'''

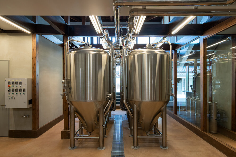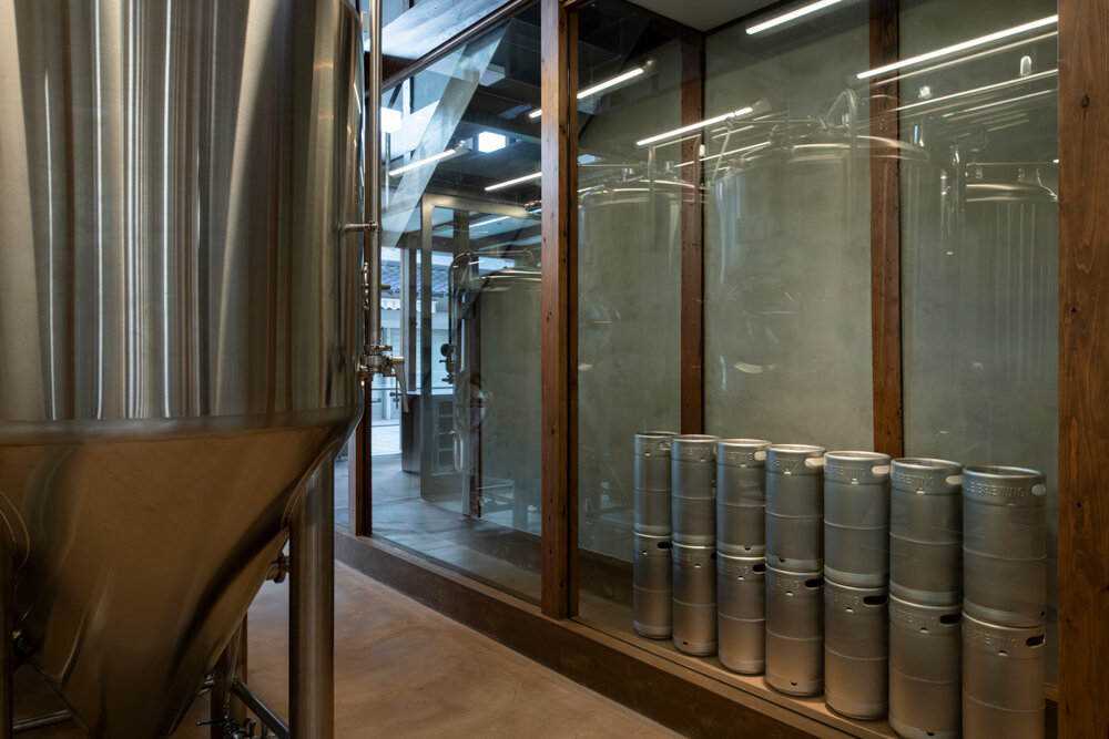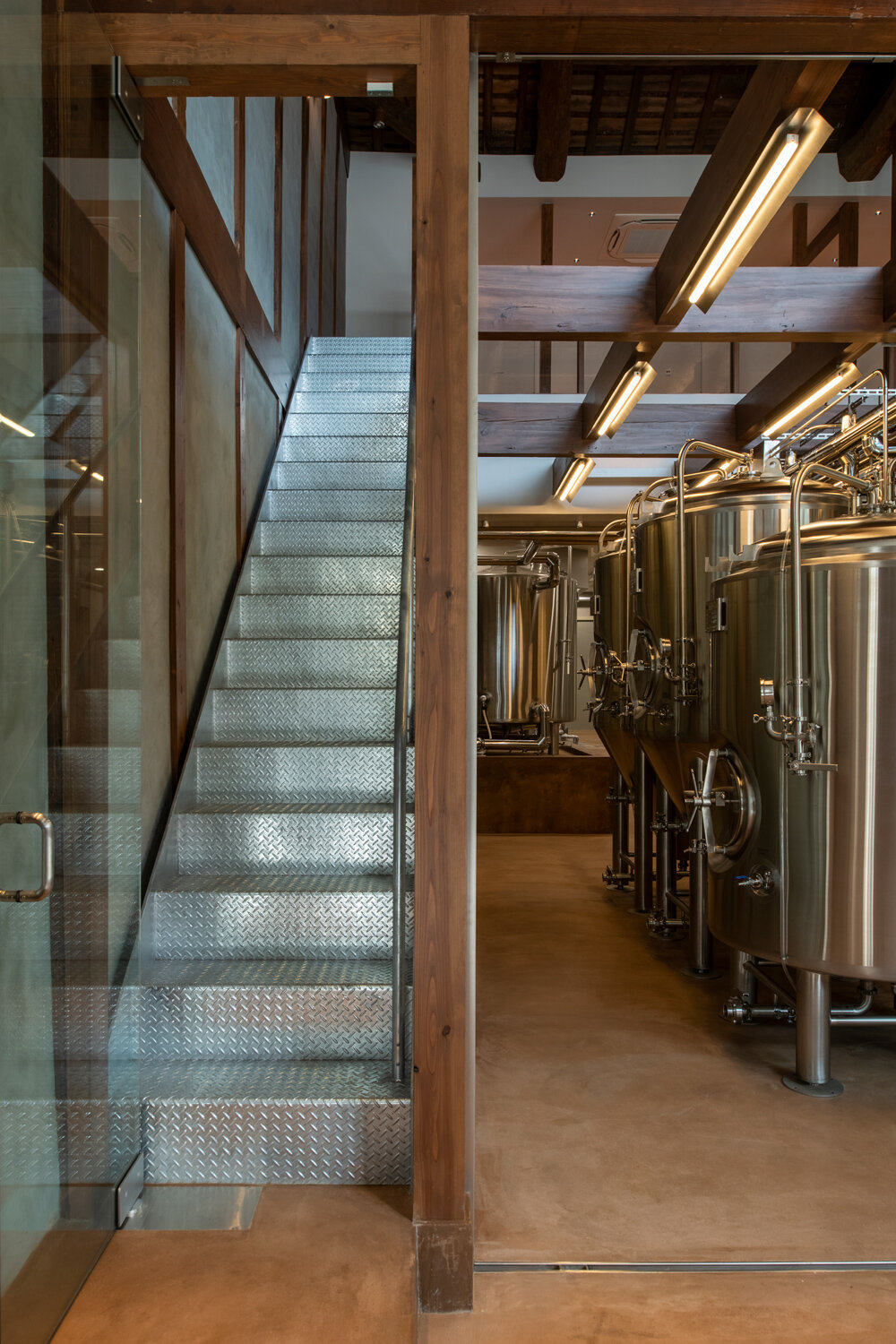 the utilization of stainless steel for several elements, including the counter and handles, echoes the brewing equipment
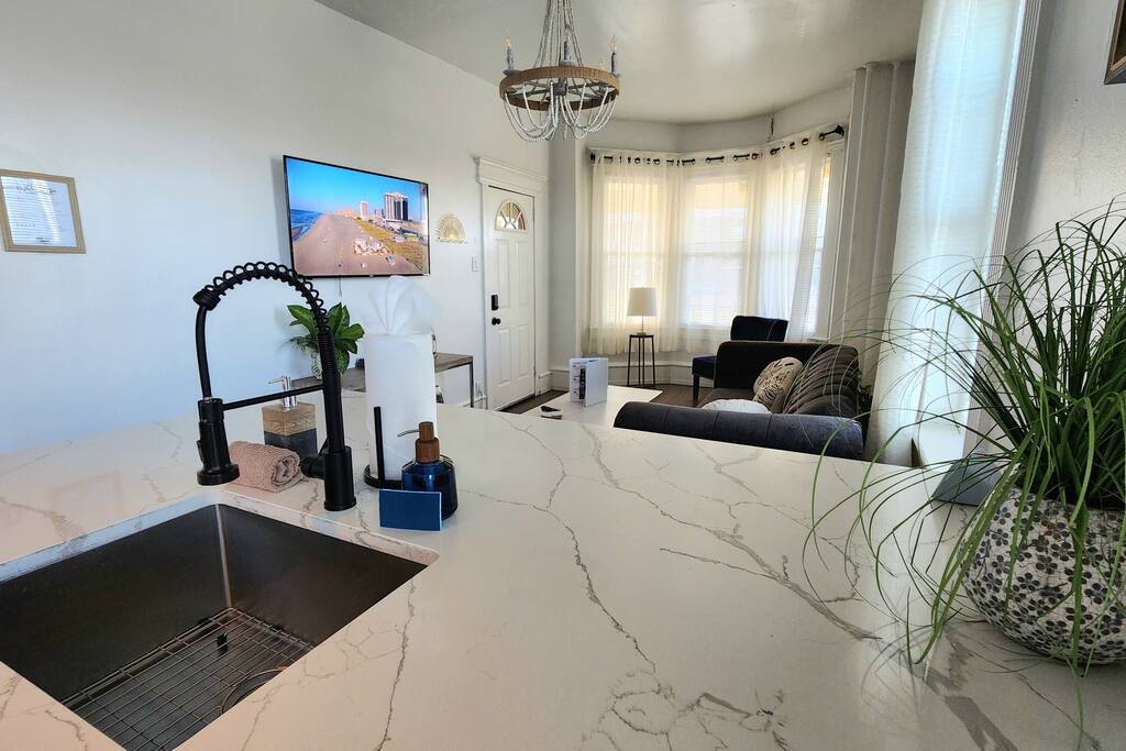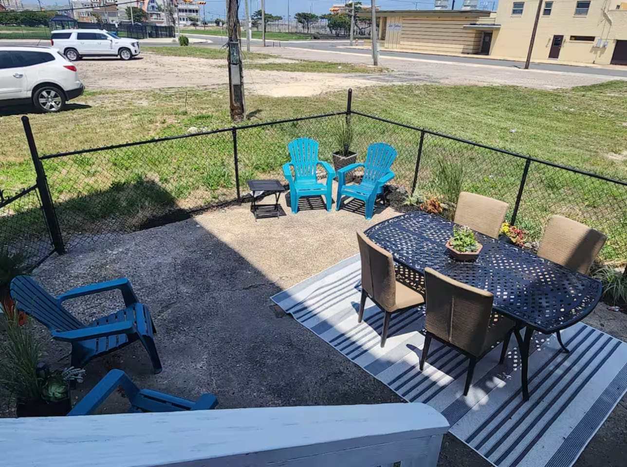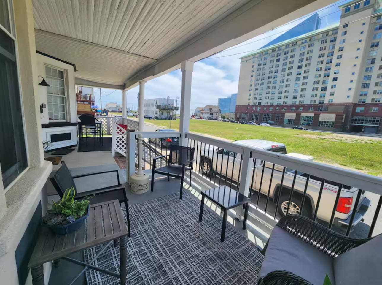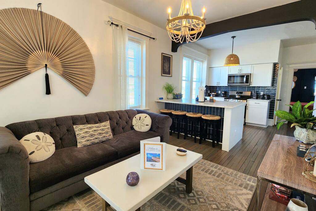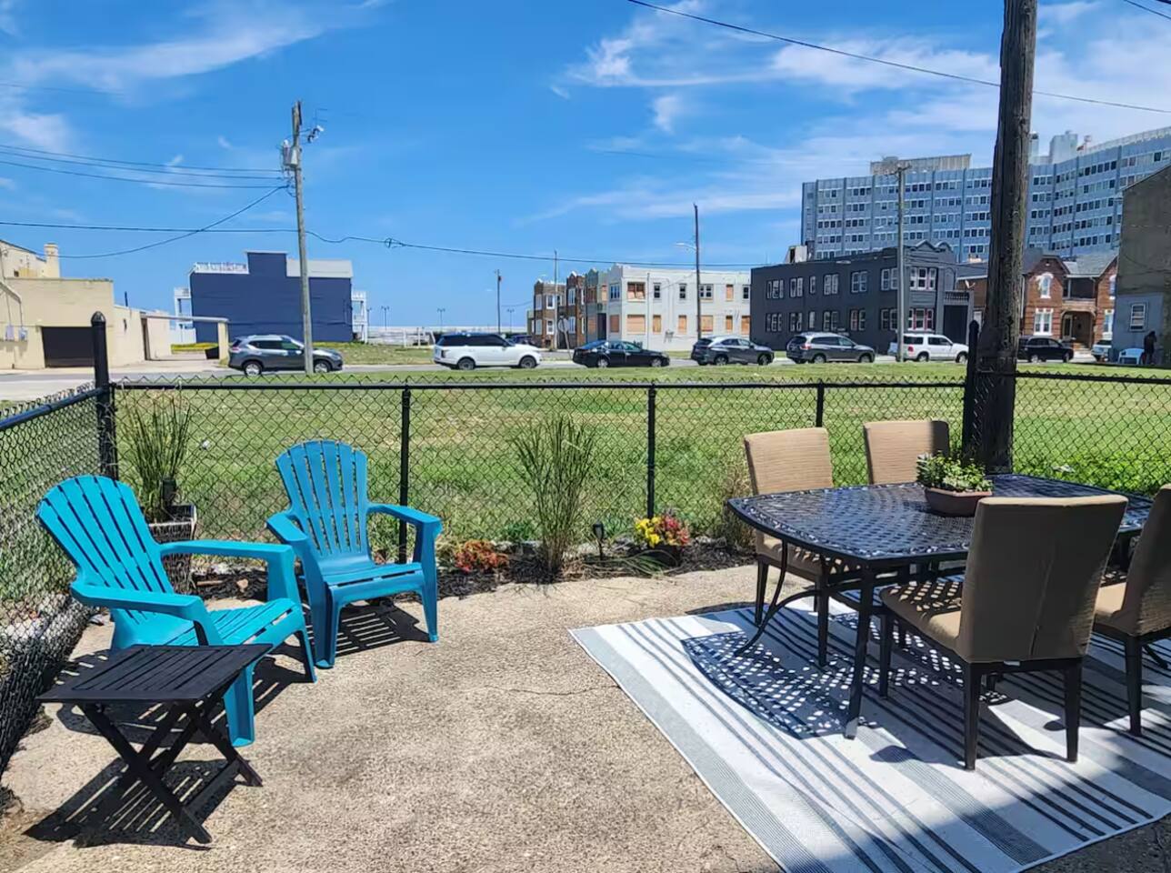 The home is ready for your seaside retreat! Located in the great inlet neighborhood, just a quick stroll to beach and boardwalk, just minutes away from Gardner's Basin, casinos, and all the hustle and bustle of Atlantic City! Enjoy Hot Bagels right next door to the house! And other attractions and eateries within walking distance. This is a attached duplex property. This property is normally listed as two separate units but we have combined both apartments to give guests the option of renting the whole 5 bedroom duplex as one. When renting this whole Duplex property you are getting both the lower level 1 bedroom apartment as well as the entire 4 bedroom upstairs unit of the property. *LOWER LEVEL: Unit 1 - This is the first level to the property which is a 1 bedroom apartment. Lower level is a 1 bed 1 bath with full kitchen. *2nd LEVEL: Unit 2 -The main level of the home has a living room, kitchen, full bathroom with tub, and 1 Bedroom. -There is a large smart TV in the living room (no cable, just streaming apps). KITCHEN: -The kitchen has new appliances and a table with 4 stools. *TOP LEVEL: -Upstairs Level of the home has 3 bedrooms and 1 ensuite half bathroom with a jacuzzi tub. SLEEPING ARRANGEMENTS: 1st Unit with 1 Bedroom : 1 Queen size bed, 1 air mattress 2nd Unit with 5 bedrooms : BEDROOM 1- 1 King Sized Bed and Smart TV BEDROOM 2- "Spa Room" - 1 Queen Sized Bed, en suite half bathroom and jacuzzi tub, and Smart TV BEDROOM 3- 1 Queen Sized Bed and Smart TV BEDROOM 4- 1 King Sized Bed, futon and Smart TV. 1 air mattress AMENITIES: The home has Wifi, and the exterior of the home is protected by Ring Security. BOOK WITH US and unlock discounts and special offers exclusive to Cozy Cohost guests. Take advantage of all that Atlantic City has to offer and enjoy savings at top local spots including famous restaurants, night clubs, spas, coffee shops, distilleries, breweries, boat tours, bike rentals, mini golf, and more...
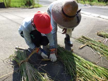 稲を刈ったら、次は稲を束ねて干す作業です。
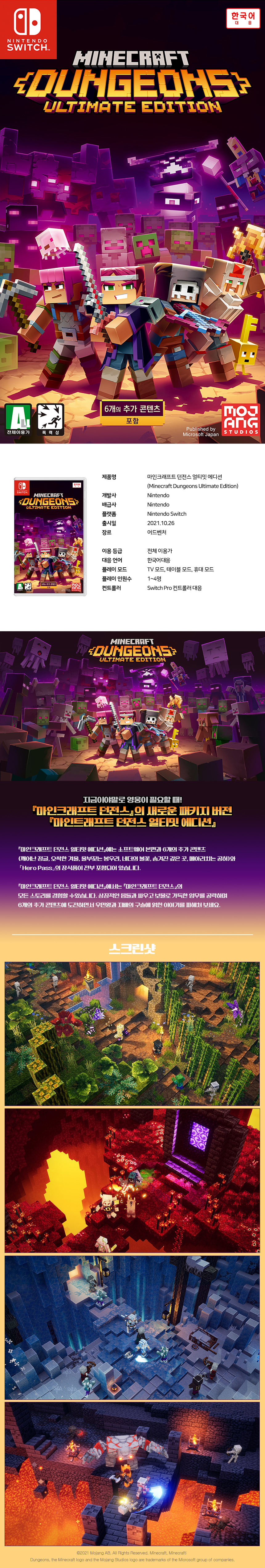 닌텐도 스위치 마인크래프트 던전 얼티밋 에디션
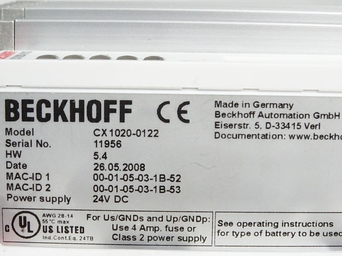 Beckhoff CPU-Grundmodul CX1020-0122 CX1020-N040 CX1020-N030 CX1020-N010 CX1020-N000
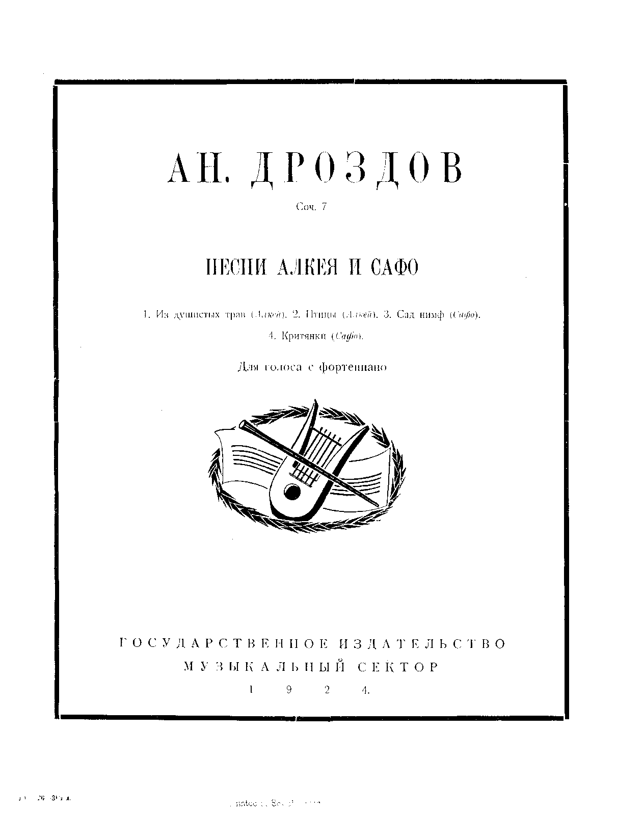 | Librettist | Vyacheslav Ivanov (1866-1949), after Alcaeus (Nos.1-2) and Sappho (Nos.3-4) |

'''

- _What to produce_: Output the entries exactly and keep every picture out of them.

- _Answer for the task_:
 the utilization of stainless steel for several elements, including the counter and handles, echoes the brewing equipment
 The home is ready for your seaside retreat! Located in the great inlet neighborhood, just a quick stroll to beach and boardwalk, just minutes away from Gardner's Basin, casinos, and all the hustle and bustle of Atlantic City! Enjoy Hot Bagels right next door to the house! And other attractions and eateries within walking distance. This is a attached duplex property. This property is normally listed as two separate units but we have combined both apartments to give guests the option of renting the whole 5 bedroom duplex as one. When renting this whole Duplex property you are getting both the lower level 1 bedroom apartment as well as the entire 4 bedroom upstairs unit of the property. *LOWER LEVEL: Unit 1 - This is the first level to the property which is a 1 bedroom apartment. Lower level is a 1 bed 1 bath with full kitchen. *2nd LEVEL: Unit 2 -The main level of the home has a living room, kitchen, full bathroom with tub, and 1 Bedroom. -There is a large smart TV in the living room (no cable, just streaming apps). KITCHEN: -The kitchen has new appliances and a table with 4 stools. *TOP LEVEL: -Upstairs Level of the home has 3 bedrooms and 1 ensuite half bathroom with a jacuzzi tub. SLEEPING ARRANGEMENTS: 1st Unit with 1 Bedroom : 1 Queen size bed, 1 air mattress 2nd Unit with 5 bedrooms : BEDROOM 1- 1 King Sized Bed and Smart TV BEDROOM 2- "Spa Room" - 1 Queen Sized Bed, en suite half bathroom and jacuzzi tub, and Smart TV BEDROOM 3- 1 Queen Sized Bed and Smart TV BEDROOM 4- 1 King Sized Bed, futon and Smart TV. 1 air mattress AMENITIES: The home has Wifi, and the exterior of the home is protected by Ring Security. BOOK WITH US and unlock discounts and special offers exclusive to Cozy Cohost guests. Take advantage of all that Atlantic City has to offer and enjoy savings at top local spots including famous restaurants, night clubs, spas, coffee shops, distilleries, breweries, boat tours, bike rentals, mini golf, and more...
 稲を刈ったら、次は稲を束ねて干す作業です。
 닌텐도 스위치 마인크래프트 던전 얼티밋 에디션
 Beckhoff CPU-Grundmodul CX1020-0122 CX1020-N040 CX1020-N030 CX1020-N010 CX1020-N000
 | Librettist | Vyacheslav Ivanov (1866-1949), after Alcaeus (Nos.1-2) and Sappho (Nos.3-4) |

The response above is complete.